Data shown below:
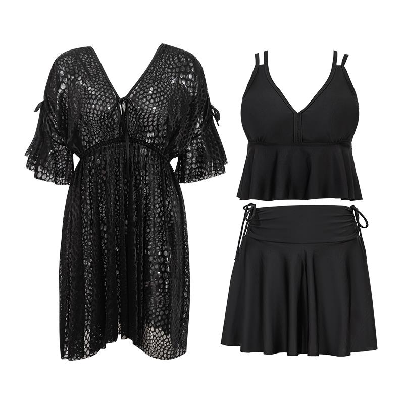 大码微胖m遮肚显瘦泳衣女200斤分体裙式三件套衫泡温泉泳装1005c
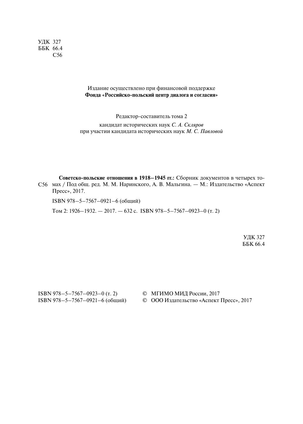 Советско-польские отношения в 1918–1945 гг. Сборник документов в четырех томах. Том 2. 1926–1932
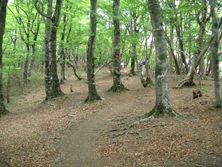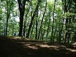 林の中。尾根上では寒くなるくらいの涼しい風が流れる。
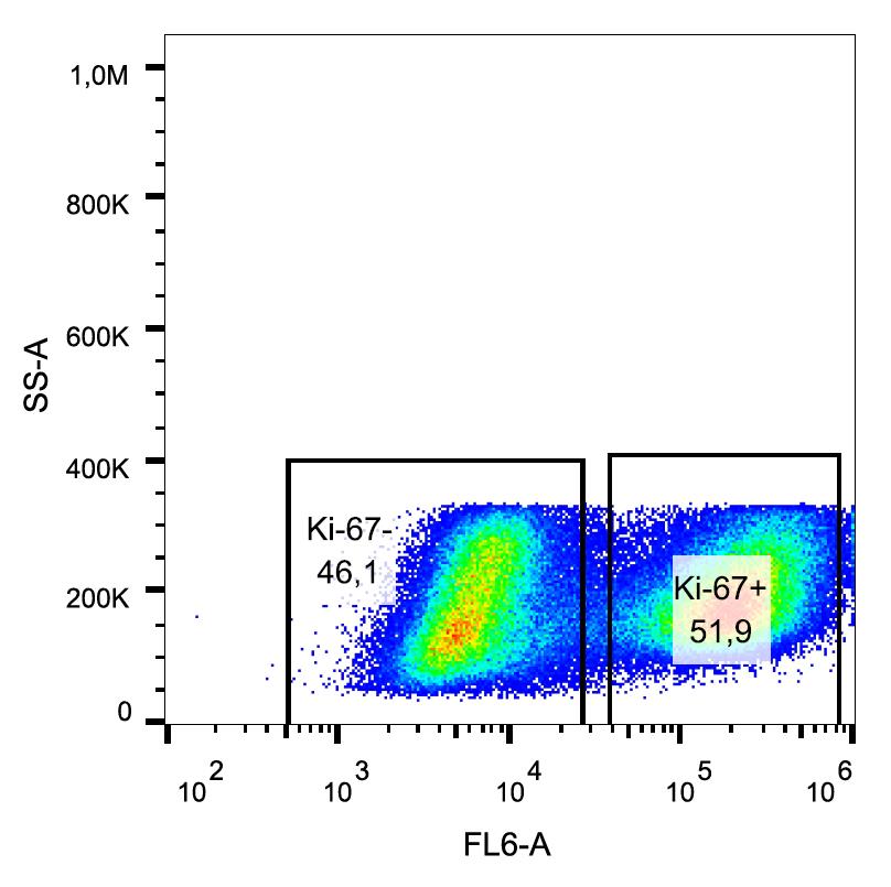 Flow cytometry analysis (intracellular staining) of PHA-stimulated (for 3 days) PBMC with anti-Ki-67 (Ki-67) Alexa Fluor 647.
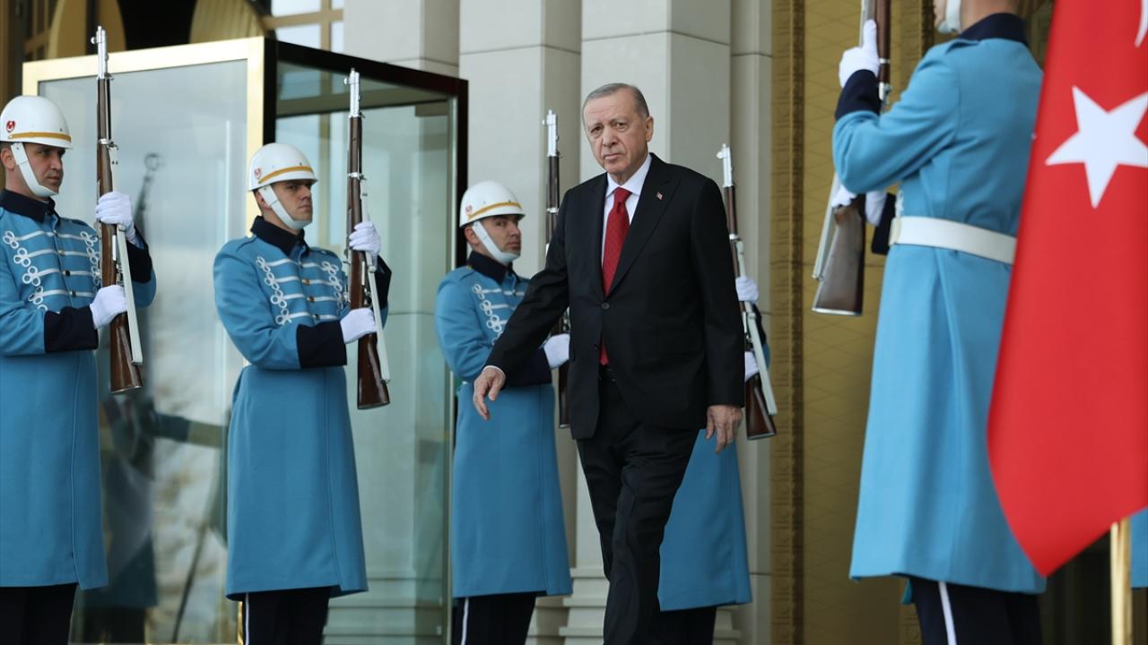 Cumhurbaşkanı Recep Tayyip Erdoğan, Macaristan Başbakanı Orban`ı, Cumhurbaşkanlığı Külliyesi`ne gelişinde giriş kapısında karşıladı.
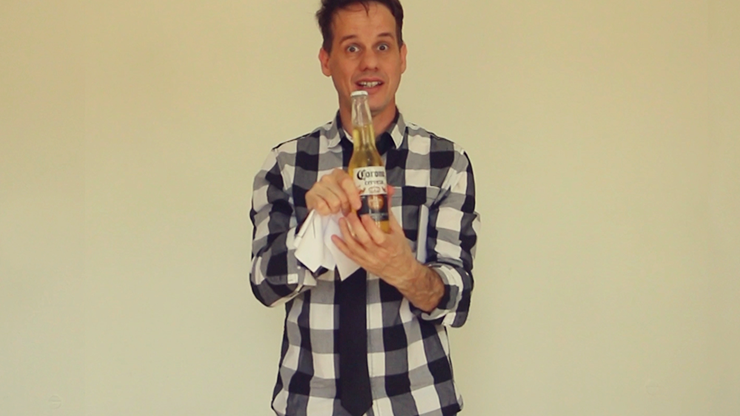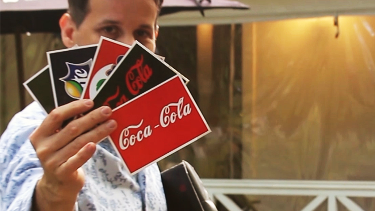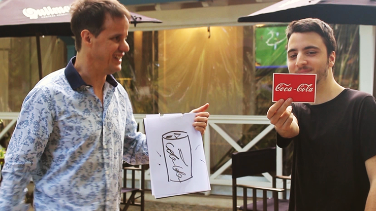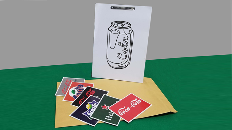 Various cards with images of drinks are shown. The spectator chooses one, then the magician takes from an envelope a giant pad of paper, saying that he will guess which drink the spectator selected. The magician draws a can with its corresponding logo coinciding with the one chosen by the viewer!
End of Data shown.
• Task to carry out:
The records above must be printed exactly; the pictures stay out.

• Expected output:
 大码微胖m遮肚显瘦泳衣女200斤分体裙式三件套衫泡温泉泳装1005c
 Советско-польские отношения в 1918–1945 гг. Сборник документов в четырех томах. Том 2. 1926–1932
 林の中。尾根上では寒くなるくらいの涼しい風が流れる。
 Flow cytometry analysis (intracellular staining) of PHA-stimulated (for 3 days) PBMC with anti-Ki-67 (Ki-67) Alexa Fluor 647.
 Cumhurbaşkanı Recep Tayyip Erdoğan, Macaristan Başbakanı Orban`ı, Cumhurbaşkanlığı Külliyesi`ne gelişinde giriş kapısında karşıladı.
 Various cards with images of drinks are shown. The spectator chooses one, then the magician takes from an envelope a giant pad of paper, saying that he will guess which drink the spectator selected. The magician draws a can with its corresponding logo coinciding with the one chosen by the viewer!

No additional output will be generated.